Example 2: Company shareholder

Maude purchases shares in a company for $20,000. The shares entitle Maude to dividends and supplies of goods and services. Under the new rules the company will have to recognise a liability for GST on the market value of the goods and services supplied to Maude if those goods and services are supplied under the rights given by the shares. Any dividends that are paid to Maude from holding the shares will continue to be treated as GST-exempt.

Example 3: Unit trust

Regan purchases units in a unit trust. The purpose of the units is to participate in a number of property development projects. The units entitle Regan to a share of income produced by the development projects. The units also give a beneficial interest in the underlying assets and, if the unit trust is liquidated or wound up, Regan is entitled to receive a share of the physical assets.

Although the units give Regan beneficial rights to receive a share of the physical assets, the purpose of the units is to allow participation in any earnings produced by the property development projects.
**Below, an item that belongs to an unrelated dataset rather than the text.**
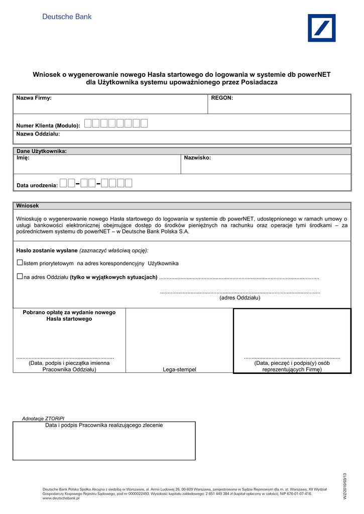 Deutsche Bank Wniosek o wygenerowanie nowego Hasła startowego do logowania w systemie db powerNET dla Użytkownika systemu upoważnionego przez Posiadacza Nazwa Firmy: REGON: Numer Klienta (Modulo): Nazwa Oddziału: Dane Użytkownika: Imię: Data urodzenia: Nazwisko: -- Wniosek Wnioskuję o wygenerowanie nowego Hasła startowego do logowania w systemie db powerNET, udostępnionego w ramach umowy o usługi bankowości elektronicznej obejmujące dostęp do środków pieniężnych na rachunku oraz operacje tymi środkami – za pośrednictwem systemu db powerNET – w Deutsche Bank Polska S.A. Hasło zostanie wysłane (zaznaczyć właściwą opcję): □listem priorytetowym na adres korespondencyjny Użytkownika □na adres Oddziału (tylko w wyjątkowych sytuacjach) ......................................................................................................... ......................................................................................................... (adres Oddziału) Pobrano opłatę za wydanie nowego Hasła startowego ................................................................ (Data, podpis i pieczątka imienna Pracownika Oddziału) Lega-stempel ............................................................... (Data, pieczęć i podpis(y) osób reprezentujących Firmę) Adnotacje ZTORiPI Deutsche Bank Polska Spółka Akcyjna z siedzibą w Warszawie, al. Armii Ludowej 26, 00-609 Warszawa, zarejestrowana w Sądzie Rejonowym dla m. st. Warszawy, XII Wydział Gospodarczy Krajowego Rejestru Sądowego, pod nr 0000022493. Wysokość kapitału zakładowego: 2 651 449 384 zł (kapitał opłacony w całości), NIP 676-01-07-416. www.deutschebank.pl WZ/2010/03/13 Data i podpis Pracownika realizującego zlecenie

An "associated supply" is not considered to be created at the time the units are supplied because the intent of the units is not directed at transferring any project assets for Regan's use. An "associated supply" may be created at a later date if any assets belonging to the property development projects are subsequently transferred to Regan.

Market value

The objective of the amendments is to ensure that GST applies to supplies of taxable goods and services that arise as a result of a final consumer holding an equity or participatory security. Although the amendments apply to "associated supplies" to both consumer and business security holders, the valuation rules in sections 10(3) and 10(3A) mean that the requirement to value at open market value any goods and services treated as separately supplied under section 5(14B) generally arises only in respect of final consumers.

The open market value rules also do not apply if the consideration for the "associated supply" equals or is greater than the open market value of the supply. Section 4, which defines "open market value", uses a "willing buyer/willing seller" test to determine the open market value of a supply. Inland Revenue has made a number of observations about the terms used in the definition of "open market value". 3 The terms "similar circumstances" and "freely offered" in section 4 are particularly relevant for the treatment of goods and services that are supplied to the security holder for a discount.

If an "associated supply" arises as a result of a discount because a security holder holds a security in the GSTregistered person supplying the relevant goods and services, whether the discounted price may be treated as the open market value will depend on the circumstances under which the discount is offered. The discounted price could equate to open market value if, for example, it was comparable to a discount offered to the general public.

Example 4: Company shareholder

Cally pays $11,000 for a parcel (5,000) of shares in Global Retail Ltd. The shares allow shareholders to vote at shareholder meetings and receive dividends. Shareholders of Global Retail Ltd are also entitled to acquire goods and services from Global Retail's subsidiary company Local Retail Ltd for a discounted amount. The discount is 5% and is equivalent to discounts offered under Local Retail's frequent shopper programme once the shopper has spent more than $500 in three months.

The membership security is GST-exempt when supplied. However, if Cally purchases goods from Local Retail Ltd for a discount, consideration should be given at the time of supply as to whether GST should be returned on the full purchase price of the goods rather that the discounted price. As the discount offered by Local Retail Ltd is comparable to the discount it offers its customers under its frequent shopper programme, Local Retail is not required to return GST on the full price.

1 (2004) 21 NZTC 18,915
2 See Riverside Country Club v The Queen 2001 CanLII 778 TCC.
3 See Tax Information Bulletin Vol. 6, No. 14 (June 1995).